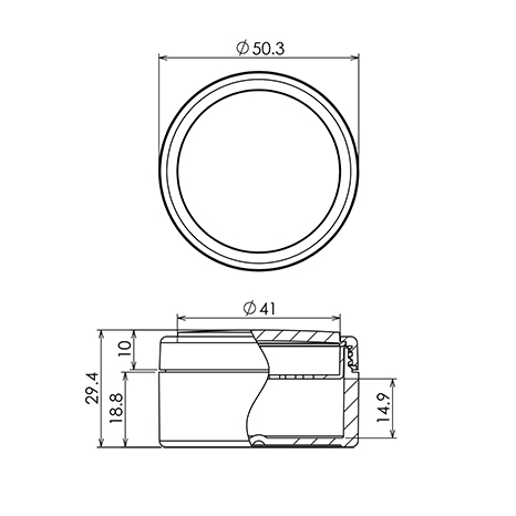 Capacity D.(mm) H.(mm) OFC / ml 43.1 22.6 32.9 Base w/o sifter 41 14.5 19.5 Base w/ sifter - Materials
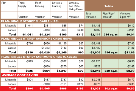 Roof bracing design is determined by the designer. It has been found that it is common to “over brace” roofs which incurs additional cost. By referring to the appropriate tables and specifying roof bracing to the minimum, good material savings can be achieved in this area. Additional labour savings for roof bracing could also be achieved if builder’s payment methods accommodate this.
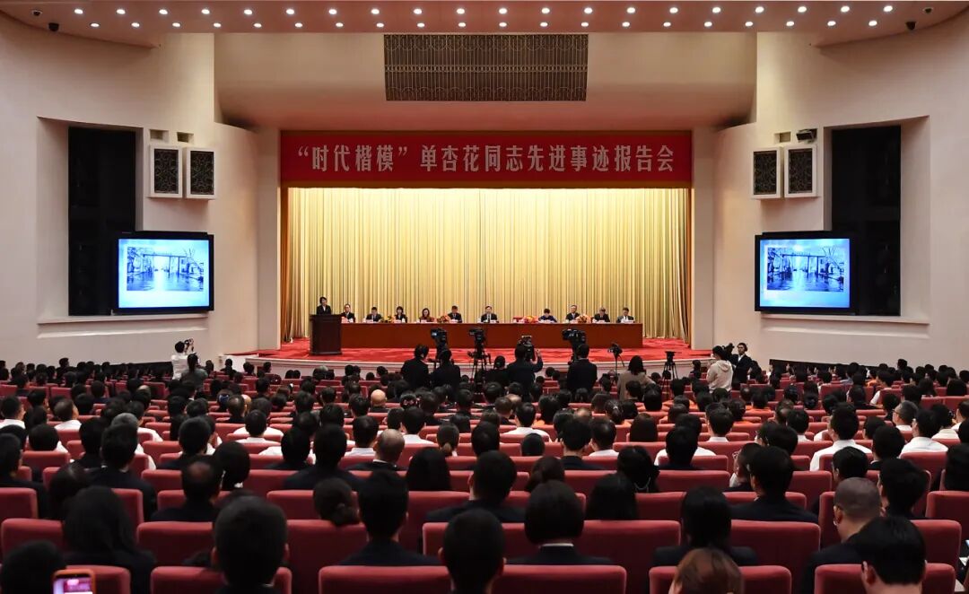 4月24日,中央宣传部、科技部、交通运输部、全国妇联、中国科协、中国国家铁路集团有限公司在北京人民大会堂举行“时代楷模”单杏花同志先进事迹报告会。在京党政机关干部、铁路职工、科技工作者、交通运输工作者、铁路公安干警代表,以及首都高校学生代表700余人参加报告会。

- Activity
Word for word, restate every line of the listing, omitting the pictures.

- Exercise output
 Capacity D.(mm) H.(mm) OFC / ml 43.1 22.6 32.9 Base w/o sifter 41 14.5 19.5 Base w/ sifter - Materials
 Roof bracing design is determined by the designer. It has been found that it is common to “over brace” roofs which incurs additional cost. By referring to the appropriate tables and specifying roof bracing to the minimum, good material savings can be achieved in this area. Additional labour savings for roof bracing could also be achieved if builder’s payment methods accommodate this.
 4月24日,中央宣传部、科技部、交通运输部、全国妇联、中国科协、中国国家铁路集团有限公司在北京人民大会堂举行“时代楷模”单杏花同志先进事迹报告会。在京党政机关干部、铁路职工、科技工作者、交通运输工作者、铁路公安干警代表,以及首都高校学生代表700余人参加报告会。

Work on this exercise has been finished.